**Description of the task**: Write out exactly the lines below that run from the one containing "1 每个分院下发三个表格模板" through the one containing "Sementara di foto", both included, with no other lines.

**Data for analysis**:
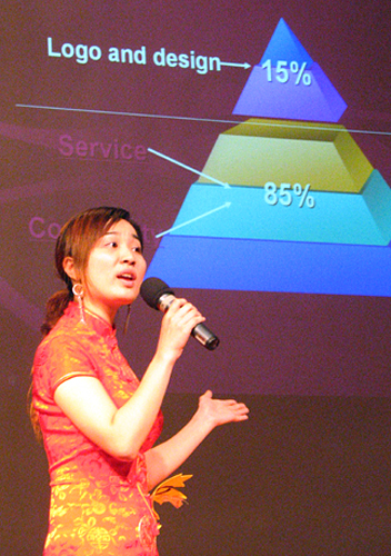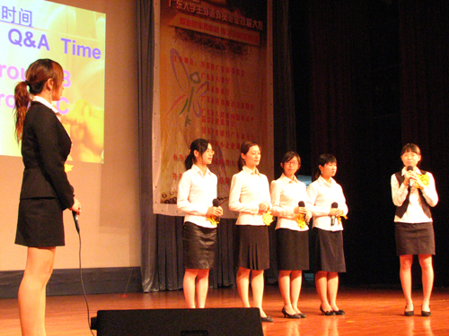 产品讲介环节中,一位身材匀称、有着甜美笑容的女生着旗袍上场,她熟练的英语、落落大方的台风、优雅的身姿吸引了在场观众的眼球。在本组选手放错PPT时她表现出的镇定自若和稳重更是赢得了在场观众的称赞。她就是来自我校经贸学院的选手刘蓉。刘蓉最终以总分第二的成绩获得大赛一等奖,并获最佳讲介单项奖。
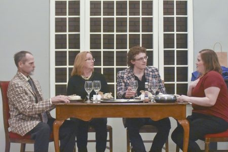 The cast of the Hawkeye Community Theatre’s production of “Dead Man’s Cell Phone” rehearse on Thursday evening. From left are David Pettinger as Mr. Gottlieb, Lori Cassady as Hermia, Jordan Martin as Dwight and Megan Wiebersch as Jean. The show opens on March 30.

--

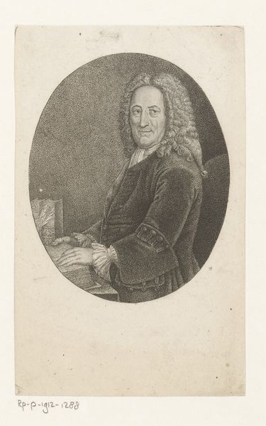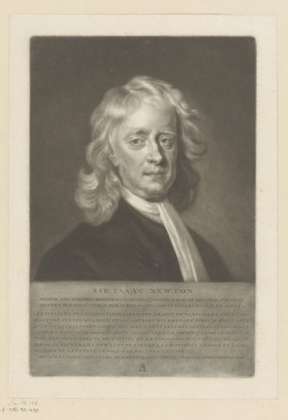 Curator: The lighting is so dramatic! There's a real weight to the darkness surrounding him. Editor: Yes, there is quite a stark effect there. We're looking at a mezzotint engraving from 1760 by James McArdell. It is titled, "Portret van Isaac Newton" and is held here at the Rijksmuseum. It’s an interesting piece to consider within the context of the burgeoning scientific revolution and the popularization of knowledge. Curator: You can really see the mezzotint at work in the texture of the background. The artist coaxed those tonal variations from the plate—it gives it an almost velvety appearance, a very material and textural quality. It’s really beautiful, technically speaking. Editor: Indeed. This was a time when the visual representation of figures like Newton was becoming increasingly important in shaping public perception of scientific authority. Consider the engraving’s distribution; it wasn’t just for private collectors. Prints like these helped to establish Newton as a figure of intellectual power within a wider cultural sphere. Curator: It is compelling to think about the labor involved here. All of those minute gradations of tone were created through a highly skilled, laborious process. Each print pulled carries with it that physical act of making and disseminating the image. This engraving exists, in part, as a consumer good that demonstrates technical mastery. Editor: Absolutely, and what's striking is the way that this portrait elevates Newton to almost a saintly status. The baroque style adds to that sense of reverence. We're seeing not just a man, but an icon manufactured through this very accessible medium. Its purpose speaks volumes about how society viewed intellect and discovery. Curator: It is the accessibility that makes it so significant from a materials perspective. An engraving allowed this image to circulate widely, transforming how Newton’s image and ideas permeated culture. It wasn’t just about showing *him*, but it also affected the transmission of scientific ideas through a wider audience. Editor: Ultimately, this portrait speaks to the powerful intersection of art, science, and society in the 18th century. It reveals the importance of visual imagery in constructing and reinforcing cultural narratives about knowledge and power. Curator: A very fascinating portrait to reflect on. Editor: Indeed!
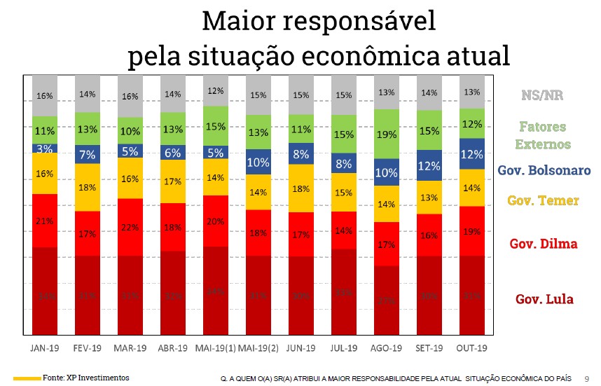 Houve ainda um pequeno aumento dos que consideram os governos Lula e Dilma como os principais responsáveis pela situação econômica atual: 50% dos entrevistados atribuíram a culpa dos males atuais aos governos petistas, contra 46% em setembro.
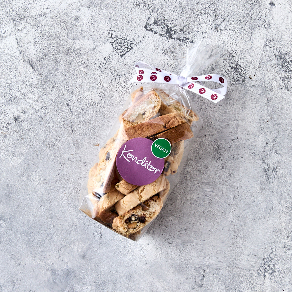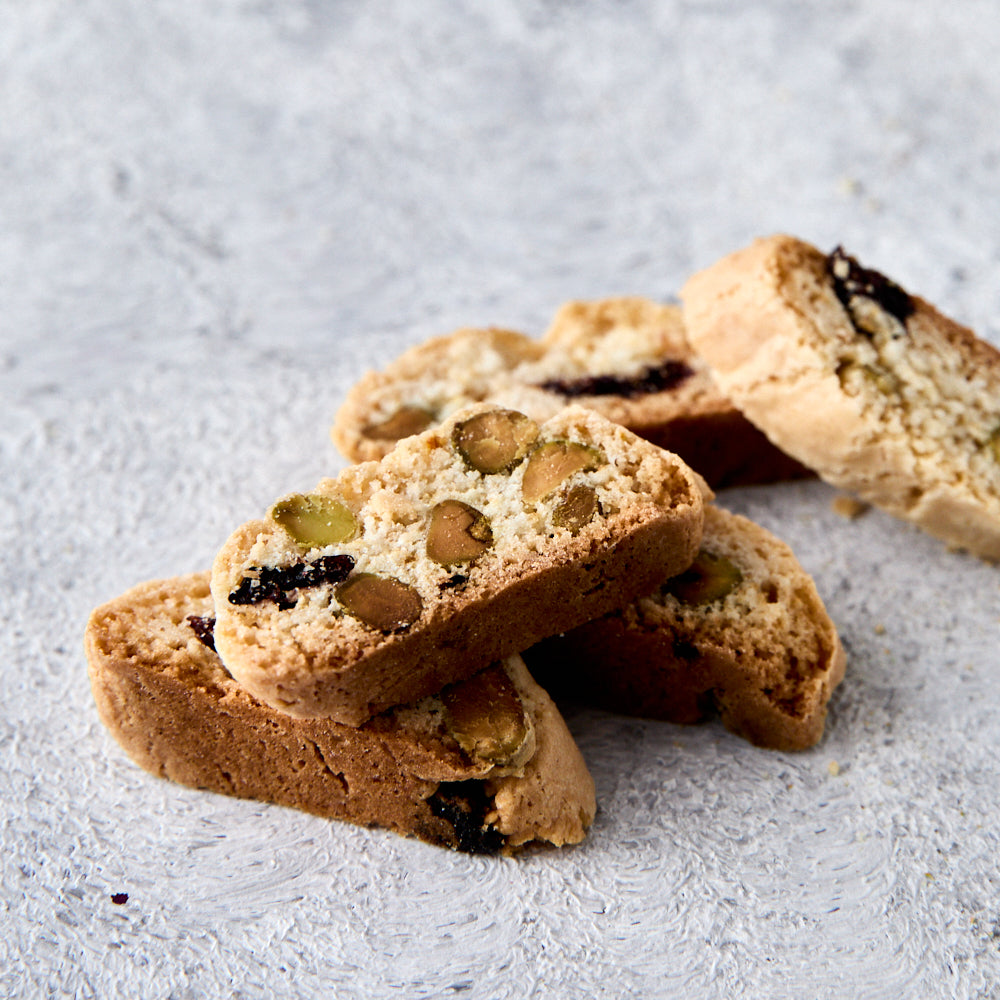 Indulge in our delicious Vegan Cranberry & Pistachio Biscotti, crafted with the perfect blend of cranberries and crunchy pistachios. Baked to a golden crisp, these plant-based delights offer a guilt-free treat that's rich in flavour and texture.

==

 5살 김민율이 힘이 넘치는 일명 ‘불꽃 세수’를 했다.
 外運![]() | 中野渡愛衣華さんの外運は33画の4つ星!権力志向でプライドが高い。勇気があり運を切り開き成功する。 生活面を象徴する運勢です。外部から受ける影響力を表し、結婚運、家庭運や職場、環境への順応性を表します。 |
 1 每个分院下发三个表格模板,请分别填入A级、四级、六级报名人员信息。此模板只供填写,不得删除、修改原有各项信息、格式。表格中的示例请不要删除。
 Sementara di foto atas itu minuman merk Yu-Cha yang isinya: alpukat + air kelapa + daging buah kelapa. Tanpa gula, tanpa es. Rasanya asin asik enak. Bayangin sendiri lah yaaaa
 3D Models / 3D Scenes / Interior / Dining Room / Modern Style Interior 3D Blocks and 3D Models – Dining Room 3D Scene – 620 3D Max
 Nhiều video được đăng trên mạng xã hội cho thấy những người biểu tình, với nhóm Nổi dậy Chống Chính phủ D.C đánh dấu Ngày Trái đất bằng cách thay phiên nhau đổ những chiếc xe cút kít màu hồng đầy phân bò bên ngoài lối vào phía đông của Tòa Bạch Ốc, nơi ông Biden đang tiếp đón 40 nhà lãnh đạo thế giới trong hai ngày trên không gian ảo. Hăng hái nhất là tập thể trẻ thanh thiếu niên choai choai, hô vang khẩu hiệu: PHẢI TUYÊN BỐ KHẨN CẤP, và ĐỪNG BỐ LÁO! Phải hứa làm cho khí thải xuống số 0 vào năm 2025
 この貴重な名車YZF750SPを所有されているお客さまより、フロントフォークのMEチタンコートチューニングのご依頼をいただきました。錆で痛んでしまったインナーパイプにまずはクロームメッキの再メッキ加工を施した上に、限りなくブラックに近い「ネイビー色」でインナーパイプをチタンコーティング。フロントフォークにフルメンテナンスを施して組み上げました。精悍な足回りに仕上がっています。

**Result for this task**:
 1 每个分院下发三个表格模板,请分别填入A级、四级、六级报名人员信息。此模板只供填写,不得删除、修改原有各项信息、格式。表格中的示例请不要删除。
 Sementara di foto atas itu minuman merk Yu-Cha yang isinya: alpukat + air kelapa + daging buah kelapa. Tanpa gula, tanpa es. Rasanya asin asik enak. Bayangin sendiri lah yaaaa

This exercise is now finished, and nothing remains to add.